Last Updated: 8 March 2012
Article by Hergüner Bilgen Özeke

Mediation, as an alternative dispute resolution method, has been on the agenda of the European Union (the "EU") and Turkey for a long time. In 2002, a Model Law on International Commercial Conciliation was drafted by the United Nations Commission on International Trade Law as a guideline in order to harmonize the laws of mediation that may be enacted by member states. In 1998, the EU focused on resolving disputes occurring within EU borders through mediation and, in 2002, a "Green Paper" was published that established the main principles of mediation. Finally, through Directive 2008/52/EC (the "Directive"), certain aspects of mediation in civil and commercial matters were announced for member states. The Directive draws a framework within which mediation law is to be drafted and adopted by the member states, mainly concentrating on recourse to mediation, enforceability of agreements resulting from mediation, confi dentiality, effects on limitation and prescription periods.

Looking at recent developments in Turkey, the Bill on the Mediation of Civil Disputes (the "Bill") prepared by the Ministry of Justice (the "Ministry") is still on the waiting list of the sub-committee of the Turkish Parliament. The Bill follows the framework set out by the Directive on certain issues mentioned above.

The Bill, as explained on its legal grounds, aims to decrease the volume of disputes brought before the courts, encourages litigants to reach amicable solutions voluntarily and facilitates easier access to justice, which is a right protected under the Constitution of the Republic of Turkey (the "Constitution").

The scope of mediation is defined as civil law matters, including those with foreign elements, in which the parties are free to decide. Under this Bill, the mediator is defined as a real person who conducts mediations and is registered with the Mediators' Registry through the Ministry. At the end of the mediation process, the mediator does not make a decision on behalf of the parties, but facilitates an amicable solution by encouraging communication between the parties. Since mediation strictly depends on the mutual agreement of parties, litigants are free to commence, continue or terminate the mediation process. The parties have equal rights when applying for, and during, the mediation process.

As per Article 13 of the Bill, litigants may agree to apply for a mediator prior to, or during, litigation before the courts. Also, the courts may counsel parties regarding the mediation procedure and encourage them to appoint a mediator. Unless otherwise agreed, if one party does not respond within thirty days to the offer of the other party to appoint a mediator, such offer is deemed to be rejected. Moreover, the parties are free to appoint one or more mediators and to agree on the mediation method to be used. In the event that the parties decide to apply for mediation after the dispute has been brought to the attention of the courts, court hearings will be adjourned for a period of three months. The adjournment period may be extended upon the parties' mutual application to the court.

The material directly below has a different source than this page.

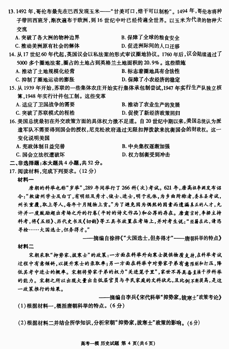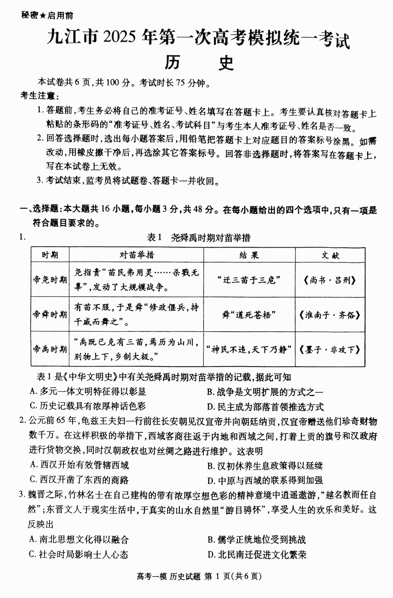 江西九江2025届高三上学期第一次模考历史试题及答案 时间:2025-02-02 江西 文综试题 江西九江2025届高三上学期第一次模考历史考试已于近日开考,为方便考生考后及时查看考试情况,查漏补缺、弥补不足,本文整理了试题答案解析相关信息! 汇总:江西九江2025届高三上学期第一次模考试题及答案汇总 历史试题及答案解析

With respect to confidentiality, which may be the most sensitive issue of the mediation process from the view of the litigants, the Bill obliges mediators to keep confidential all information that comes to light during the mediation process, and the parties are also bound by such a confidentiality obligation unless otherwise agreed. Moreover, the parties, the mediator(s) or any other third party, including those involved in the mediation process, shall not present the following documents and statements as evidence before a court or arbitration tribunal regarding the same dispute: (i) invitation to mediate by one party, or either party's willingness to participate in the mediation process; (ii) comments and offers made by either party to resolve the dispute through mediation; (iii) proposals made by one of the parties, or acceptance of a claim or incident during the mediation process; (iv) documents drafted solely for the mediation process. However, such information may be disclosed where it is required by law, or to the extent that it may be necessary to implement or enforce the agreement reached at the end of the mediation.

Moreover, in order to avoid any loss of right, the Bill specifically regulates the effect of mediation on limitation and prescription periods. Accordingly, the period between the commencement and cessation of the mediation process shall not be counted in the calculation of limitation and prescription periods.

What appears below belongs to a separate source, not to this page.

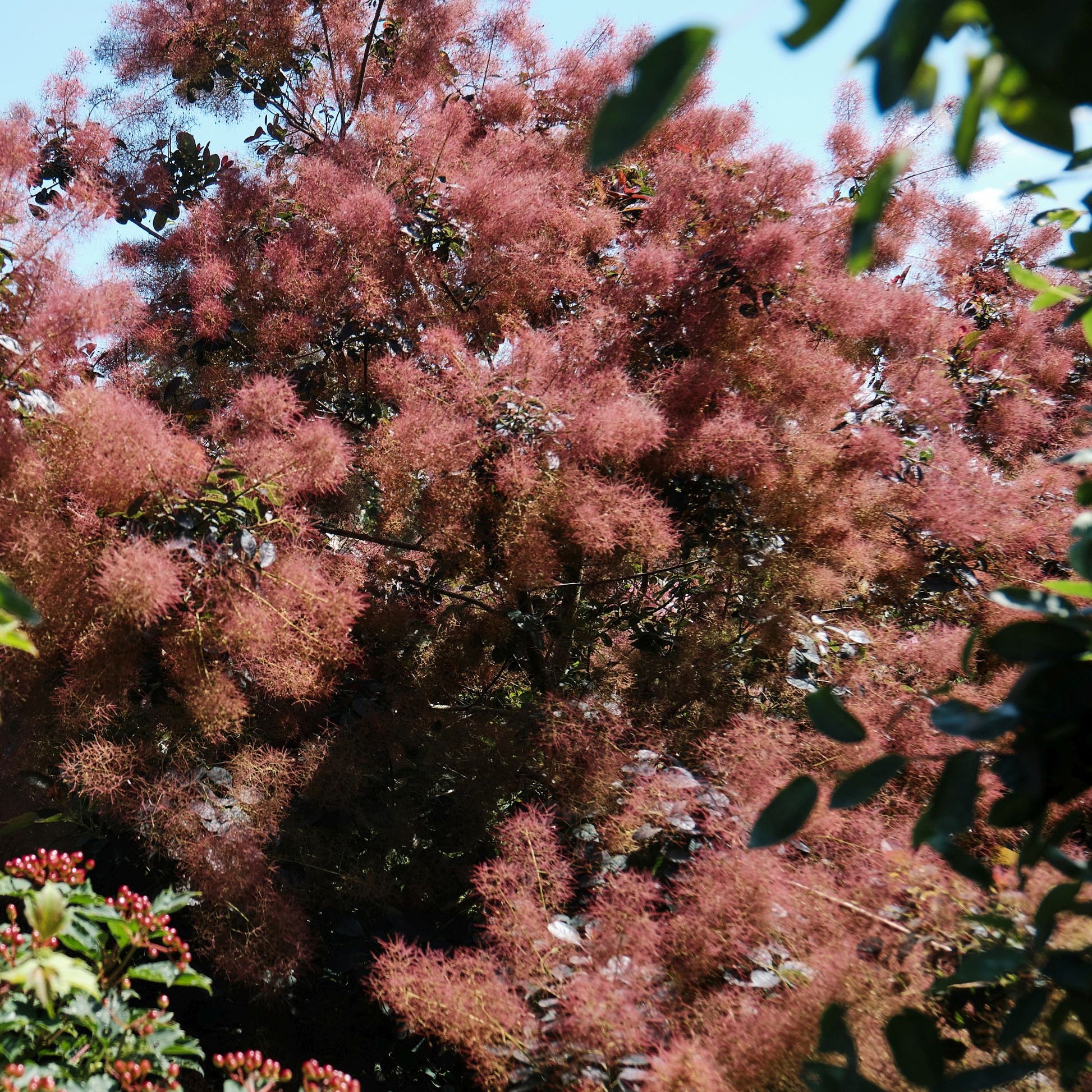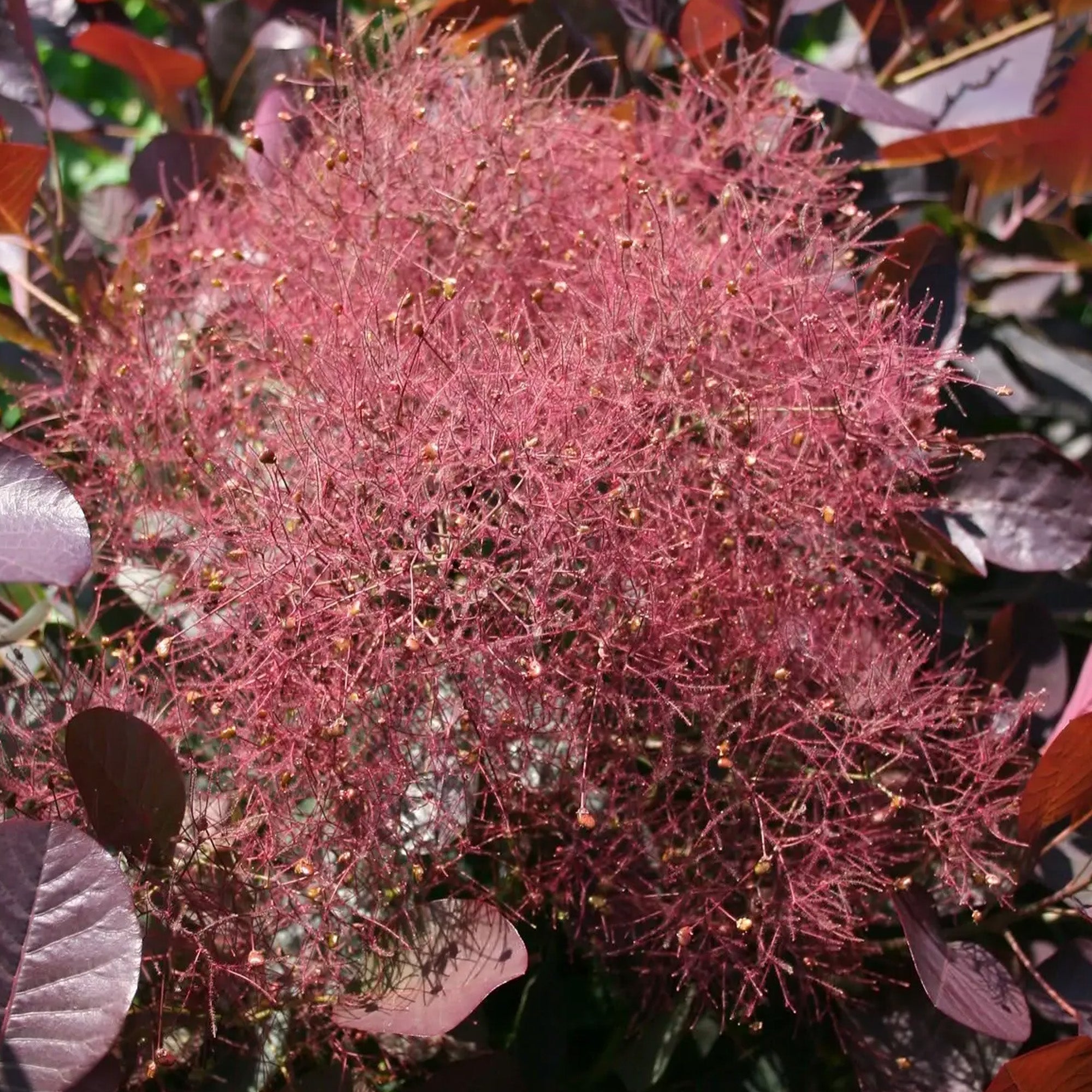 Cotinus Magical Red Fountain is often referred to as the Smoke Bush, due to the wispy nature of its flower plumes. These deep pink flowers begin to appear in July, lasting for months and attracting bees, butterflies and other pollinators to the garden.

Furthermore, with respect to enforceability of agreements, the Bill enables the parties to apply for an execution court to ensure that the agreement arising from the mediation is enforceable. The examination made by the court will be a limited examination as to whether such dispute is a matter wherein parties are free to decide, and that the final mutual agreement is executable.

Finally, it is accepted that mediation is terminated if: (i) the parties reach a mutual agreement on the dispute; (ii) it is ascertained by the mediator following consultations with the parties that efforts towards mediation have been rendered useless; (iii) either party notifies the other party or the mediator of its withdrawal from the mediation; or (iv) the parties mutually agree to terminate the mediation process.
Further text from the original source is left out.